If the growth rate H = a'/a really does level out at a constant then each year a distance will increase by a bit more than it increased last year.

Just like if the bank pays a constant interest rate of, say, 1%, your savings will increase by a bit more than they did the previous year.
 
  • #33
As per so called "cosmological constant", lambda, Einstein himself called it "his biggest blunder".
Now it apears that lambda is real after all.
More interesting thing is that lambda may not be a constant at all, only may grow with progress of time.
This could lead to an interesting end of the world scenario, still two dozens of billions years away at least, where everything disentangles and all components (galaxies, then stellar systems, then stars and planets, then chemical molecules, then atoms, then hadrons, then any gravitational singularities (if exist)) would disentangle and any basic components left (photons, leptons, quarks) would inflate away from each other to infinity, to form some bizarre singularity like phenomenon named Big Rip.
Essentially you would end up with situation where each basic building block of matter is surrounded by a separate, "personal" event horizon, so no interaction would be possible.
In such scenario entropy in any point of space would reach maximum possible value, hence time would end.
Last year some evidence indicating possibility of such an outcome was published.
 
Last edited:
  • #34
Martin0001 said:
Last year some evidence indicating possibility of such an outcome was published.

Reference, please?
 
  • #37
Chalnoth said:
That's not evidence. It's a hypothetical model.
Correct.
I should rather use word "speculation".
Evidence should rely on obsevation.
Nevertheless interesting.
 
  • #38
Martin0001 said:
Essentially you would end up with situation where each basic building block of matter is surrounded by a separate, "personal" event horizon, so no interaction would be possible.
In such scenario entropy in any point of space would reach maximum possible value, hence time would end.
Last year some evidence indicating possibility of such an outcome was published.

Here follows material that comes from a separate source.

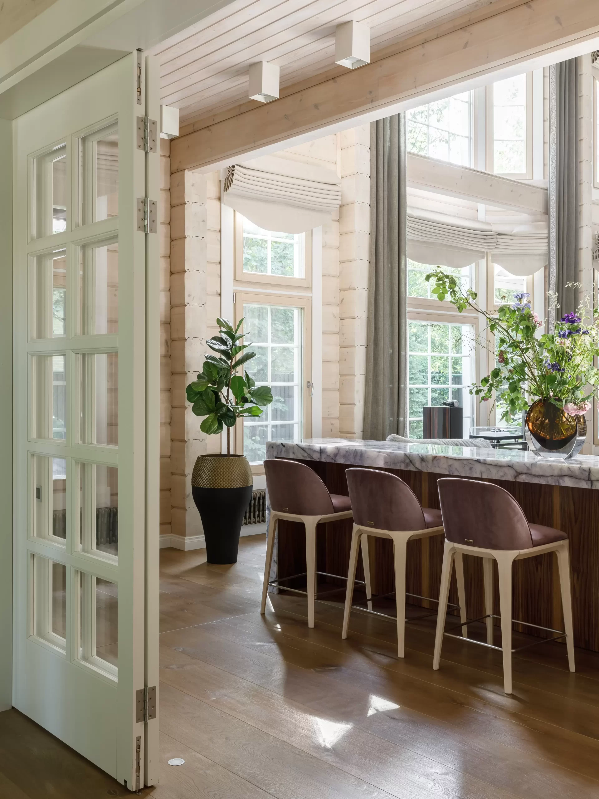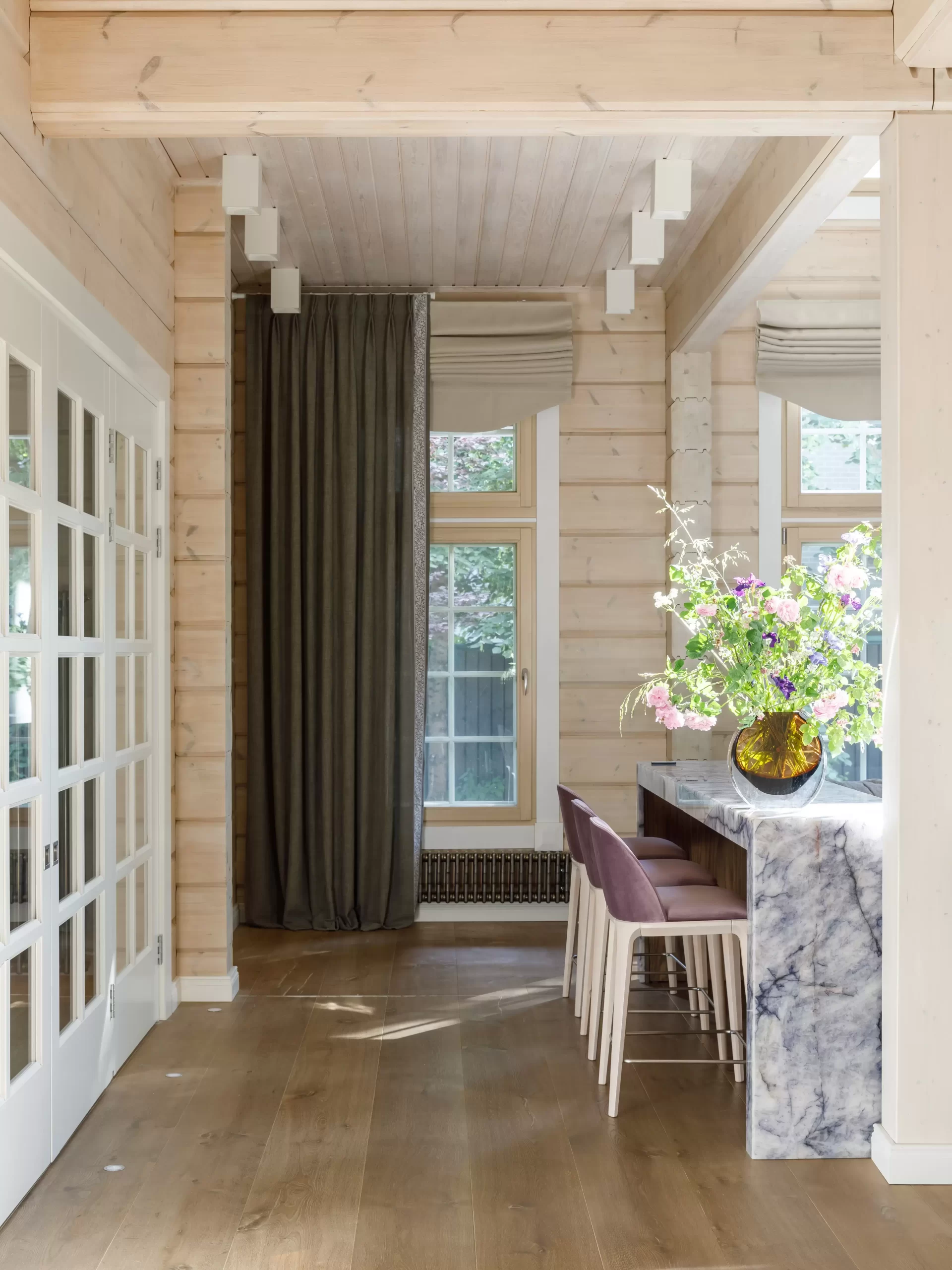 Диван Бруклин занимает достойное место в этой композиции. За диваном расположена кварцевая барная стойка. А за ней — полубарные стулья Play, удобные и устойчивые, в обивке из микровелюра и с выбеленными деревянными ножками.

This is extremely interesting.
If such a circumstance actually occurs, then reality itself may actually stop. (Quantum mechanics explanation)
According to the Copenhagen interpretation, there are no properties of reality if nothing is there to "observe" or interact with it.
Fascinating stuff! Thanks for sharing that
 
  • #39
Martin0001 said:
As per so called "cosmological constant", lambda, Einstein himself called it "his biggest blunder".
Now it apears that lambda is real after all.
More interesting thing is that lambda may not be a constant at all, only may grow with progress of time.
...
... any basic components left (photons, leptons, quarks) would inflate away from each other to infinity, to form some bizarre singularity like phenomenon named Big Rip.
...
Last year some evidence indicating possibility of such an outcome was published.

PeterDonis said:
Reference, please?

Martin0001 said:
http://journals.aps.org/prd/abstract/10.1103/PhysRevD.91.043532#nf

Chalnoth said:
That's not evidence. It's a hypothetical model.

Martin0001 said:
Correct.
I should rather use word "speculation".
...
Here's the paper involved in this exchange, so we can understand it better if we want:
http://arxiv.org/abs/1409.4918
A New Approach to Cosmological Bulk Viscosity
Marcelo M. Disconzi, Thomas W. Kephart, Robert J. Scherrer
(Submitted on 17 Sep 2014 (v1), last revised 6 Feb 2015 (this version, v2))
We examine the cosmological consequences of an alternative to the standard expression for bulk viscosity, one which was proposed to avoid the propagation of superluminal signals without the necessity of extending the space of variables of the theory. The Friedmann equation is derived for this case, along with an expression for the effective pressure. We find solutions for the evolution of the density of a viscous component, which differs markedly from the case of conventional Eckart theory; our model evolves toward late-time phantom-like behavior with a future singularity. Entropy production is addressed, and some similarities and differences to approaches based on the Mueller-Israel-Stewart theory are discussed.
6 pages. To appear in Physical Review D
 
  • #40
quantumphysics said:
According to the Copenhagen interpretation, there are no properties of reality if nothing is there to "observe" or interact with it.
We've observed wavefunction collapse without directly observing the wavefunction being collapsed:
http://journals.aps.org/prl/abstract/10.1103/PhysRevLett.77.4887

So no, observers definitely aren't required. Collapse occurs as a result of interactions between systems.
 
  • #41
Chalnoth said:
We've observed wavefunction collapse without directly observing the wavefunction being collapsed:
http://journals.aps.org/prl/abstract/10.1103/PhysRevLett.77.4887

So no, observers definitely aren't required. Collapse occurs as a result of interactions between systems.
But if you have only a single particle within each event horizon, how any interaction could be possible?
 
  • #42
Martin0001 said:
But if you have only a single particle within each event horizon, how any interaction could be possible?
Assuming a cosmological constant, there would still be interaction with the Hawking radiation produced by the cosmological horizon.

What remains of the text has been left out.